Ouvir a canção da vida descortinando o breu da minh 'alma.
Márcia Costa
Prato Principal!
A face dos versos é indecifrável.
Mas, as palavras sorriem fantásticas,
Tão claras quanto o dia.
E num instante não há mais vazio,
Há um ser repleto de emoções que arrebatam.
A fragrância dos poemas frescos,
Vem acalentar as aflições da alma.
Por isso, trago sempre a mesa posta.
Pratos, talheres, taças de vinho...
Á esperar versos suculentos,
Malfadados, ao ponto...
Quentes ou frios.
Márcia Costa
E ASSIM TE VI!
... E assim te vi...
Palavras na mão,
No olhar o sorriso.
Entre tantos... O distinto.
N' alma um alvorecer de inspirações.
Em ti, versos cantando a vida,
Cintilantes como pirilampos,
Iluminando-lhe as feições.
... E assim te vi...
Verso andante...
Verbo falante...
Dedicado, zeloso amante da poesia...
Divina - dama fulgurante.
... E assim te vi...
Apenas homem!
Márcia Costa
Quarta-feira de cinza!
Sopra a brisa fria no ardoroso sorriso,
Usurpando da face a alegria - patente.
O dia cinza é a lente das vistas,
No suspirar da felicidade eloqüente.
Corre tempo!

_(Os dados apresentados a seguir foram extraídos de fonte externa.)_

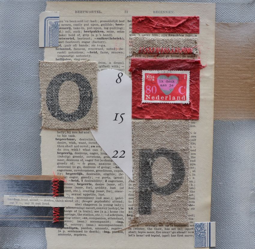 Collage met letters uit een oude postzak, oud papier, postzegel en woordenboek. Op 3D canvas. De collage is geschonken aan het project Collage around the world, waarbij het geëposeerd wordt in Brazilië.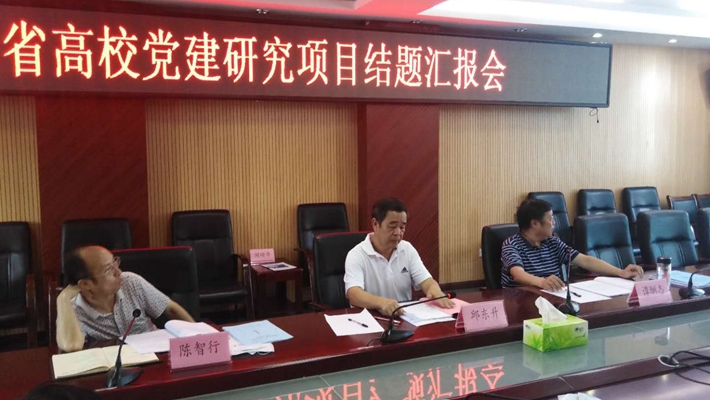 本批办理结项的省高校党建研究项目分别是余德润教授主持的“高校基层党组织‘四联系四知道’管理方法的研究”和柯梁副教授主持的“井冈山精神融入高校‘双创’教育的路径研究”。项目组负责人分别介绍了课题研究的工作情况、回答了专家组的提问。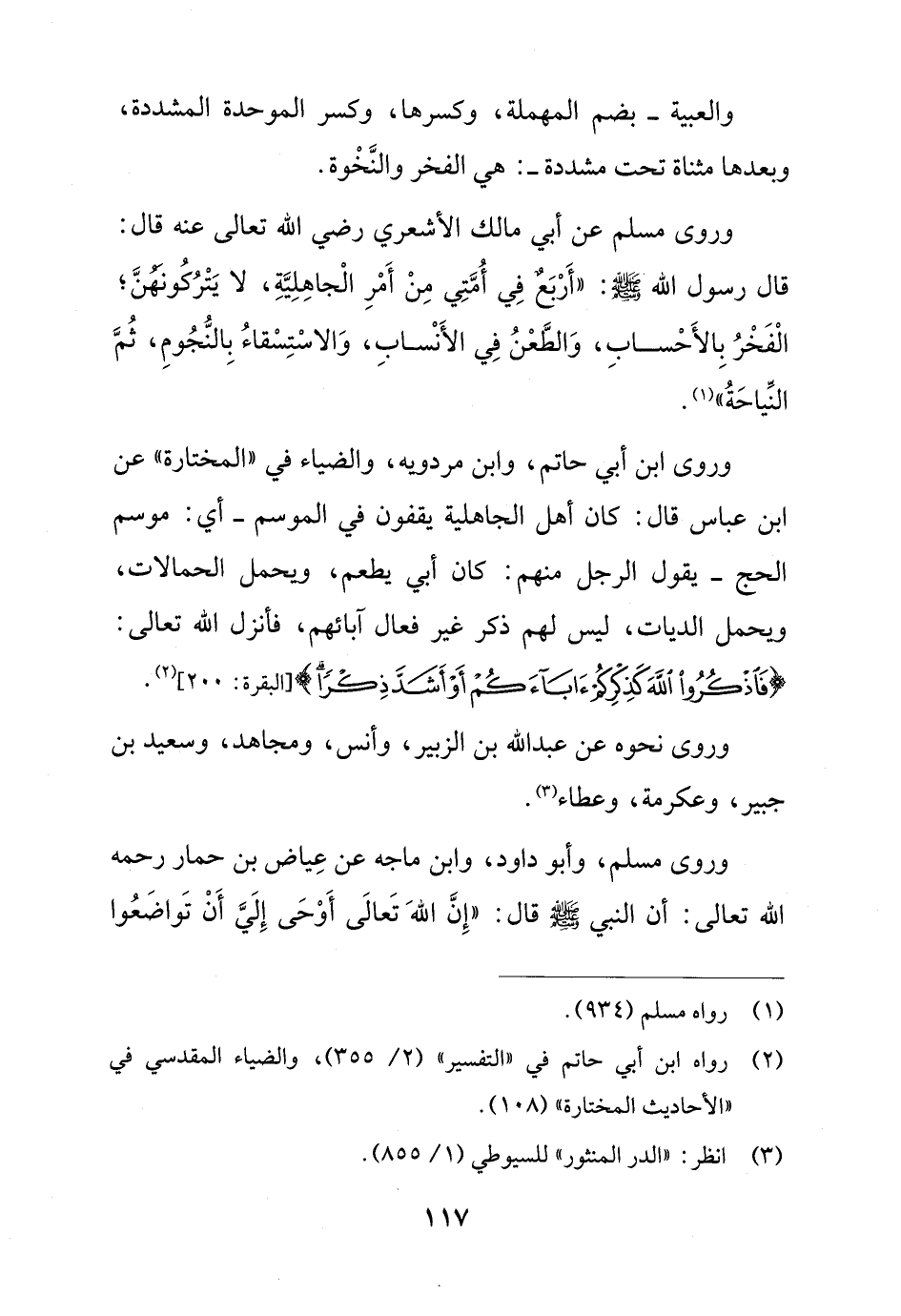وروى مسلم عن أبي مالك الأشعري رضي الله تعالى عنه قال: قال رسول الله - صلى الله عليه وسلم -: "أَرْبَعٌ فِي أُمَّتِي مِنْ أَمْرِ الْجاهِلِيَّةِ، لا يَتْرُكُونهنَّ؛ الْفَخْرُ بِالأَحْسابِ، وَالطَّعْنُ فِي الأَنْسابِ، وَالاسْتِسْقاءُ بِالنُّجُومِ، ثُمَّ النِّياحَةُ" (¬1).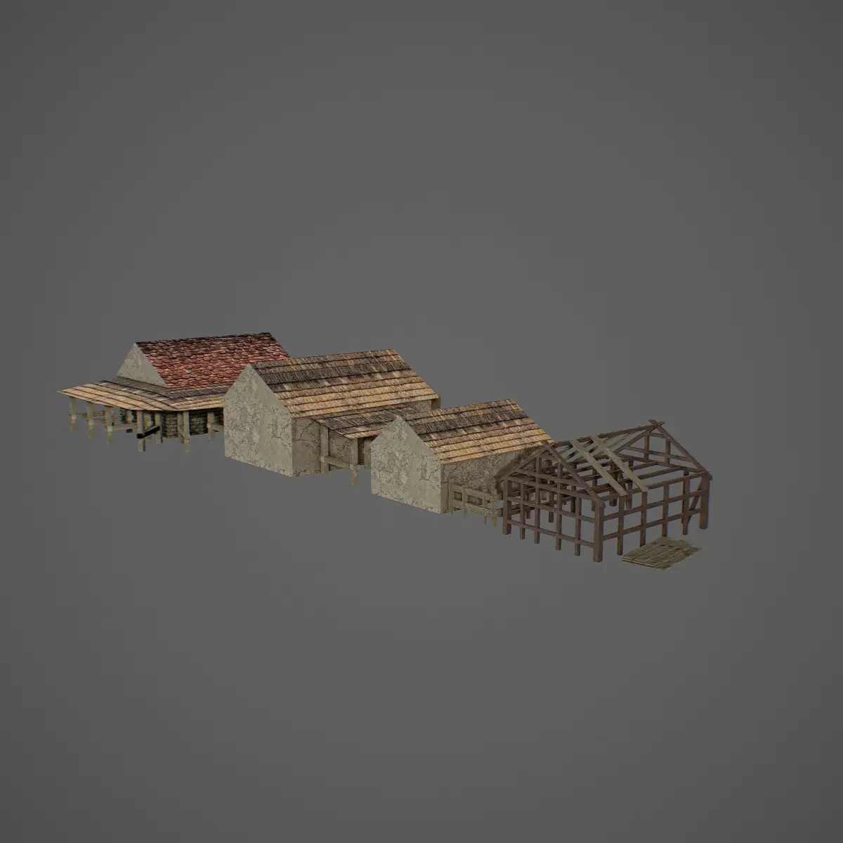 High-quality low-poly 3d model of the medieval Barn. Buildings for create new worlds and new universes in the style of a medieval RPG.The model is optimized for use in browser and isometric games. 3D model has all the necessary texture maps for PBR renderer.All textures included.Real world size (meters).
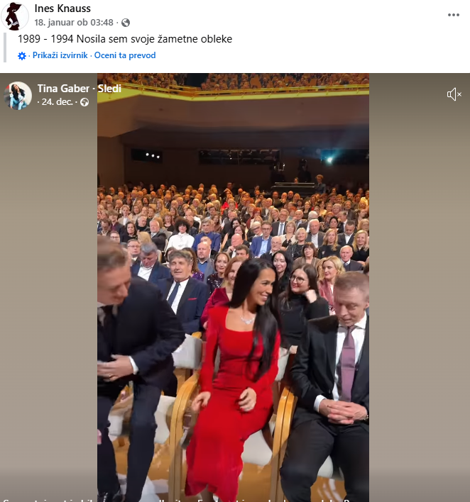 Objavila je posnetek, na katerem je Tina Gaber v rdeči obleki in pripisala: “1989 – 1994 Nosila sem svoje žametne obleke”. In dodala, da je obleko oblikovala ona, izdelala pa jo je njena mama. Objava Ines Knaus je dostopna na povezavi: (20+) Facebook. Zdaj pa je v takšno kreacijo oblečena Tina Gaber, kar pomeni, da posnema sestri Knaus.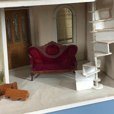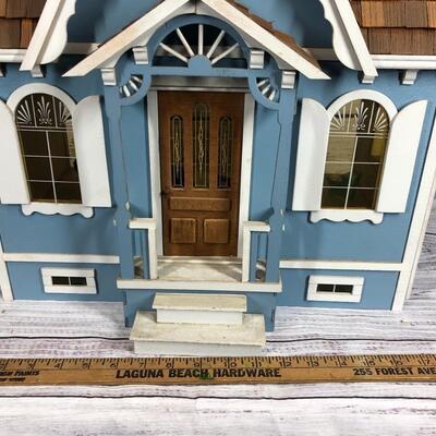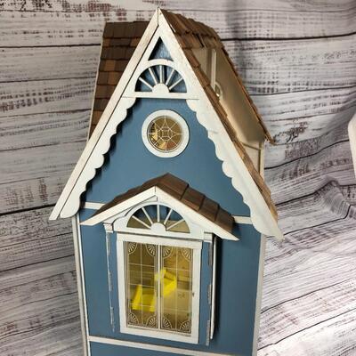 Blue Wood Two Story Dollhouse Cottage with Furniture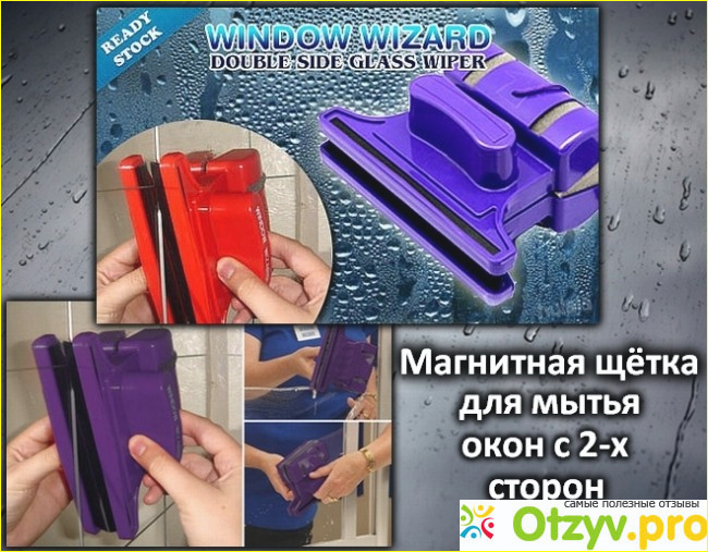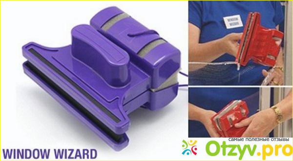 С магнитной щеткой Window wizard вам уже не нужно мучиться со шваброй, тряпка больше не будет слетать, не нужно бояться, что можно упасть во время мытья окон, не нужно потом натирать окна, чтобы не было разводов и пятен. Window wizard идеально моет окна и вы даже начнете наслаждаться этим процессом и он уже не будет таким утомительным и долгим. Главное, во время того, как вы используете щеточки, делать так, чтобы они двигались одновременно в одном направлении, и тогда не будет разводов и окно полностью сможете вымыть, даже в уголках. Если снаружи окно слишком грязное, особенно после дождей, когда садится еще и пыль, то сначала лучше смыть пыль и размочить грязь, и тогда губка отлично отмоет окна. И при этом все можно делать одной этой губкой, без применения дополнительных тряпок.

Vire a página.
Que o ano vindouro escreva novas falas.
Perdurando um enredo de cores
Extirpando perpetuamente as lágrimas.
Ah, alma cabrocha!
Perdoe a soturna cor da fantasia,
Os pés perderam o ritmo do samba,
O coração já não bate no compasso da bateria.
Que caiam do céu confete, serpentina...
Chuva de ilusão em minha avenida
O sonho acabou, tornaram-se cinzas.
Oh, poesia!
Restou-me a ressaca da alegria,
Enxugue o pranto desta colombina,
Na derradeira despedida.
Em meu peito o carnaval não termina.